Wednesday, July 6, 2011
How Much Is That Fatty In The Window?
I think I have reverse body dismorphia. To be exact, I think I look better than I really do. We can also refer to this as "The Jersey Shore Syndrome".
When people suffer from actual body dismorphia they hyper focus on one or more specific things about their body that drive them to think they aren't good enough or pretty enough. Then they work endlessly to fix this issue even if it only exists in their heads.
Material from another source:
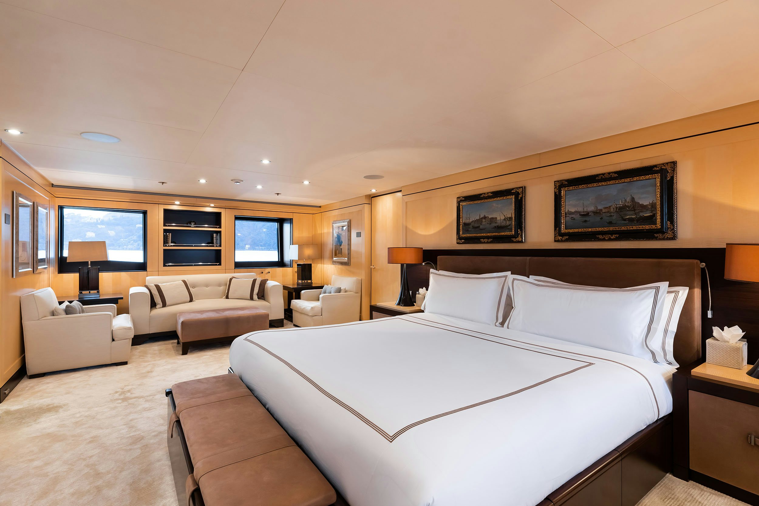 REVELRY, for example, offers the principal charterer a master stateroom on the main deck with a twin cabin located behind, which is ideally suited for small children. The lower deck is home to the yacht’s remaining four staterooms, comprising two twins and two doubles, making her layout ideal for multigenerational family charters.

Me? Well, lately when I look in my skinny mirror (Women know this well. There are fat mirrors & skinny mirrors) I feel good about my post baby body! I've dropped a few pounds, my clothes are a little less snug and I feel like a damned super model! I'm still curvy. Always have been and always will be. I always say I'm not an hour glass figure, I'm more of an hour and a half to two hours. My man loves me curvy so when I look in my skinny mirror I see one sexy beeotch!
Then reality sets in when I see a picture of myself. UGH! Who the hell is that hippo of a woman?! I pick apart the picture. Flabby arms, jello thighs, jiggly belly, and is that a double chin? Oh hell no! That all must be photo shopped! That simply can't be the same beautiful woman in my skinny mirror!
So I have amped up my super model skills. Mommies, you may already know them well but if not here are a few new moves for taking pictures.
1) Strategically place small family members (a.k.a. the kids) in front of you as though you want them to be the star of this family photo. But in reality you are hiding your rolly polly pudge.
2) To reduce the double chin appearance suction the back of your tongue to the roof of your mouth. This will lift your second chin just long enough to take that shot!
3) Stand up. ALWAYS stand up! Taking photos of yourself in the sitting position will send you into a manic depression where you consume all chocolate within your reach.
4) When taking pictures with your husband, have him wrap his arms around you from BEHIND. Pictures where he is embracing you face to face show just how much work it takes for him to get his arms around you.
5) Make it a priority to have your arms hidden behind you whenever possible. A hand on the hip with elbow pointing backwards is a classic pose.
Despite the reality of my post baby body I am still proud of it. It gave me my sweet baby boy. And I am fortunate enough to have a man who loves some meat on his lady! I'll close with this saying my husband lives by:
"Women weren't meant to slip through a man's fingers....but they weren't made to break his arms either!"
Thanks baby! I love you! Now go make me a sammich!